Kranon's sword, a lovely thing if you're using it as part of the stock model, but when you want to turn it over you realise that a) The hand and forearm are moulded onto the sword, coming up to the cross guard. B) Having absorbed this you see that daft tassel that again, goes ½ way up the guard; finally you realise that having cut these off, you're going to have to re-sculpt ½ the sword!


At present I am working on the sword so I can assemble it and then properly work on that arm.

If anyone has any questions as to how I did something, suggestions as to how to improve X or Y (though not my chromosomes, they're stuck as they are) I'm all ears.

--BB--


----------



## venomlust (Feb 9, 2010)

This is looking great. I've been frustrated in the past by Kranon's sword for the reasons you listed above. I bet it's gonna look killer when you're finished with it. It's just such an amazing sword, what a shame it was sculpted that way!

I like the heresy era front bike section, and the star you've sculpted from green stuff looks cool, too. 

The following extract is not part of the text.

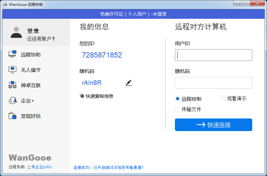 WanGooe远程协助软件依托神卓互联,适用于远程协助、售后支持等场景,依托神卓互联,为广大IT服务提供商以及服务中心专业人员提供免费便捷的远程桌面服务。WanGooe远程操作是款简易方便快捷的远程控制监控软件,画面质量清楚,联接速度更快,适用粘贴板同?i、多屏显示远程控制、屏幕截屏、远程演示、文件快传等企业办公所需作用,只需输入用户ID以及随机码即可开始远程控制。喜欢的朋友欢迎下载使用。

Can't wait to see the next steps.


----------



## Nordicus (May 3, 2013)

I'm really liking this guy - He's going to make an excellent centerpiece for my army.

Keep up the great work man!


----------



## Blissful Brushes (Aug 17, 2013)

venomlust said:


> This is looking great. I've been frustrated in the past by Kranon's sword for the reasons you listed above. I bet it's gonna look killer when you're finished with it. It's just such an amazing sword, what a shame it was sculpted that way!
> 
> I like the heresy era front bike section, and the star you've sculpted from green stuff looks cool, too.
> 
> Can't wait to see the next steps.


Thanks  I solved it in the end by press moulding the sword and woring the rest of the details around the base that that provided me with.



Nordicus said:


> I'm really liking this guy - He's going to make an excellent centerpiece for my army.
> 
> Keep up the great work man!


Delayed, but here you go 

Well then, this has been a little bit quiet over the last couple of months. I have moved house, had no internet and that real life malarky got in the way of posting on here. I have, however, got some shots of Kranon for y'all!

This will be quite a pic-heavy post, especially if Imgur hasn't compressed the images properly - they'll be about a thousand feet squared or something similarly silly...

So without further ado:









































































And there is Kranon in all his glory. Of course, he's not complete until he gets approval, but I think he's in a pretty good place right about now 

Any questions, comments/suggestions are more than welcome!

Next on the list is the Emperor and a load of Custodes tanks and potentially custodes themselves if there're no concrete forecasts of their release by Forgeworld in the next few months.

--BB-


----------



## venomlust (Feb 9, 2010)

Awesome. +REP for such a badass conversion and green stuff skills.


----------



## Roganzar (Feb 16, 2014)

Congrats on finishing him. That is freakin' amazing.


----------